Best for outsourcing
Egypt has won the annual award of the British National Outsourcing Association (NOA) in offshoring destination. A recent report by the independent technology and research analyst Yankee Group also positioned Egypt as the Middle East’s clear winner in global outsourcing, already worth an estimated $300 billion in 2009. Egypt was assessed as the strongest—among UAE, Oman, Bahrain, Jordan and Saudi Arabia—based on its young population, sustainable and abundant talent pool of technologically skilled and multi-lingual university graduates. Its geographical position—close to Europe and Asia—coupled with strong government support are also assets. Egypt’s Smart Village model, the report declared, is the ‘gold standard’ in ICT Park design. Among the companies using Egypt as a base for software development, technical support contact centres and research facilities are IBM, Intel, Microsoft, Cisco, Oracle, Satyam, Wipro, Orange, Alcatel, Teleperformance and Vodafone. Work on a new Technological Zone planned in the Cairo suburb of Maadi is ongoing; the zone is expected to go into operation in some three years time.
Fight against bird flu
The United States will provide an additional $320 million to aid in the fight against bird flu, a US official said on Saturday during an international bird flu conference held in the Red Sea resort of Sharm al-Sheikh in Egypt. The US had pledged 629 million dollars last December during a conference in New Delhi that raised 2.7 billion dollars to fight against the avian flu, which the UN says could cause a global crisis. The H5N1 virus strain first emerged in Asia in 2003 and has since caused some 245 human deaths.

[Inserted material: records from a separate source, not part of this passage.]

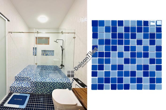 Ngoài ra, gạch Mosaic thủy tinh cũng có khả năng chịu lực tốt, chống ăn mòn và không bị phai màu. Với họa tiết bắt mắt, màu sắc đa dạng, gạch Mosaic thủy tinh thường được ứng dụng để ốp lát bể bơi, phòng tắm,...
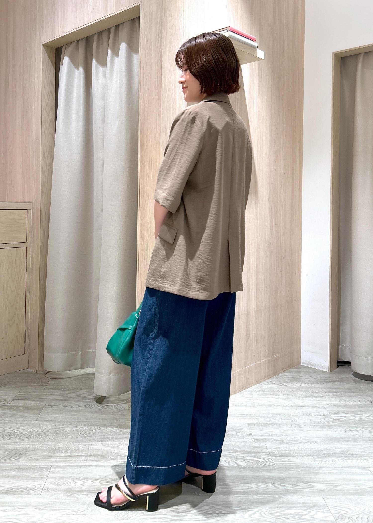 VIS【美easy】ハーフスリーブジャケット/セットアップ対応・洗えるカーキ系 / S¥7,909レビュー身長155cm、Sサイズ着用でお尻が隠れる長さです。
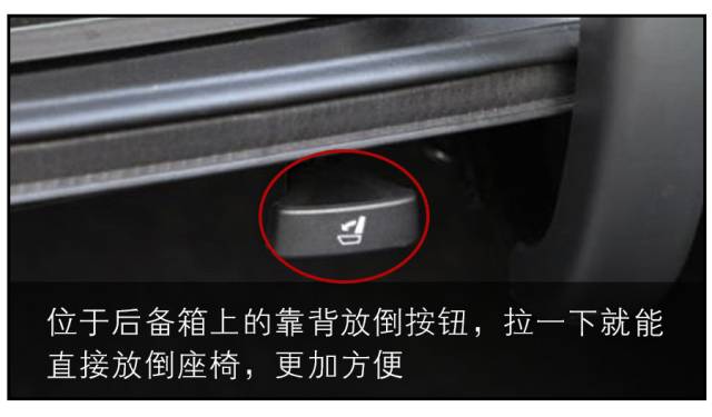 后排座椅放倒的實用性不必多說,能大大提升你的汽車裝載能力。而后排座椅放倒按鈕的設(shè)計比較多樣化,小編覺得設(shè)置在后備箱內(nèi)的,是最便利的,這樣你在裝運大件物品時,就不需要專門跑去后排放。
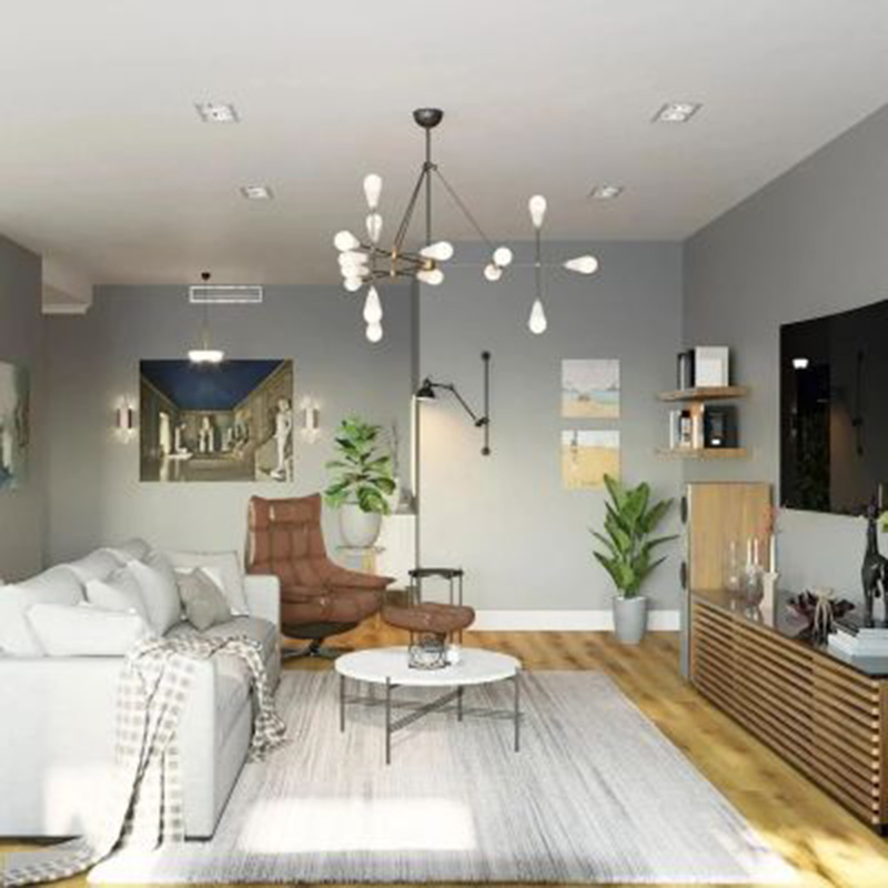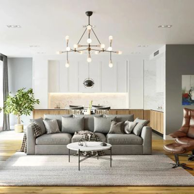 设计感吊灯最能简洁明了的提升空间格调,棕色的皮质沙发也成了客厅的点睛之笔,打破平静的同时又赋予了空间趣味性与品质感。
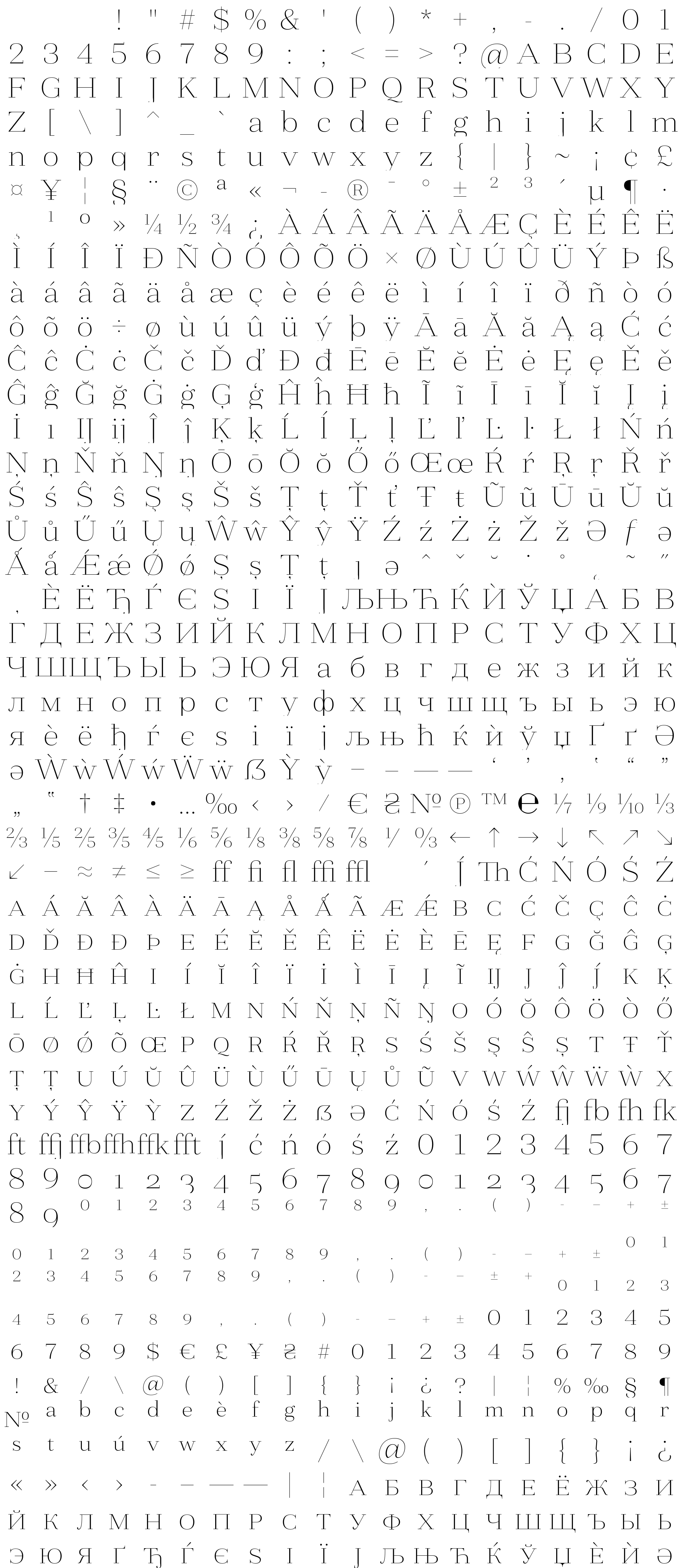 Due to the nature of thumbs' generation process, some of the glyphs in the glyph map may appear cropped.
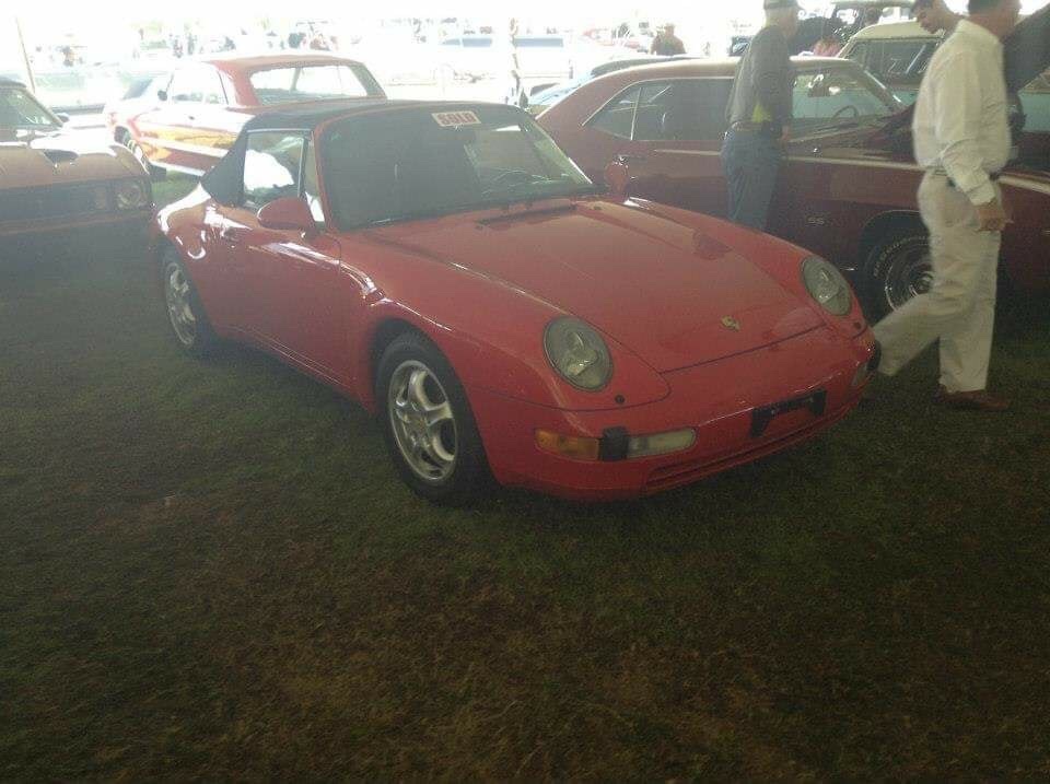 That’s a ’95 Porsche 911 Carrera Cabriolet that was at the 2013 Barrett-Jackson Auction in Palm Beach. The Porsche 911 is a high performance car that has been in production since 1963. This is from the 993 series, which was made between 1994 and 1998 (model years between 1995 and 1998). The engine is a 3.6 liter M64 SOHC flat-6 that produces 272 horsepower and 243 pound-feet of torque. The transmission of this one is a 4-speed automatic. This car does 0-60 mph in 5.2 seconds and has a top speed of 168 mph. This Porsche sold for $28,600.
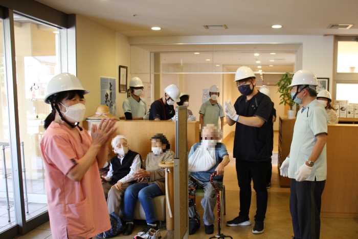 今回は、デイサービスご利用者様にご協力頂き迅速な避難を行いました。
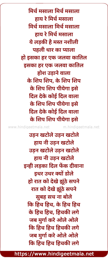 Poetic Translation - Lyrics of Mirch Masala Haye Re - मिर्च मसाला मिर्च मसाला
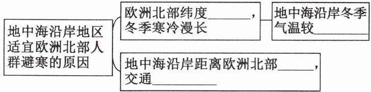 (2)欧洲北部地区1月外出避寒人数众多,且地中海沿岸是大部分欧洲北部地区居民向往的避寒区。结合所学知识,完成下图。

A French Egyptian seminar on textile machinery which took place in Cairo earlier this month had ten French companies presenting their know-how, products and equipment, after-sales services, output optimisation and modernisation of the existing equipment. They also analysed recent market trends, proposed technical solutions to their Egyptian counterparts to enhance the competitiveness of the Egyptian textile industry in cotton and natural fibres, recycling, carpet yarn processing, technical and non-woven textiles, dyeing and finishing and air conditioning equipment for textile factories. The seminar was organised by UCMTF, the French Textile Machinery Manufacturers’ association, in collaboration with UBIFRANCE, the French agency for international business development, and the French embassy in Cairo. France is the third largest exporter of textile machinery in the European Union and the fifth in the world.
Solvay in Alex
To serve its expansion into growing Middle East and North Africa markets, Solvay has acquired 100 per cent of Alexandria Sodium Carbonate Company (ASCC) from the Holding Company for Chemical Industries (HCCI), an Egyptian State-owned company. Solvay won the auction for ASCC last March, at EGP760 million. ASCC produces sodium carbonate and quicklime, it is Egypt’s only sodium carbonate producer and serves the domestic market. ASCC’s plant which was erected in 1974 near Alexandria, was thoroughly modernised in the late 1990s, and currently has a nameplate production capacity of 130,000 metric tons of soda ash.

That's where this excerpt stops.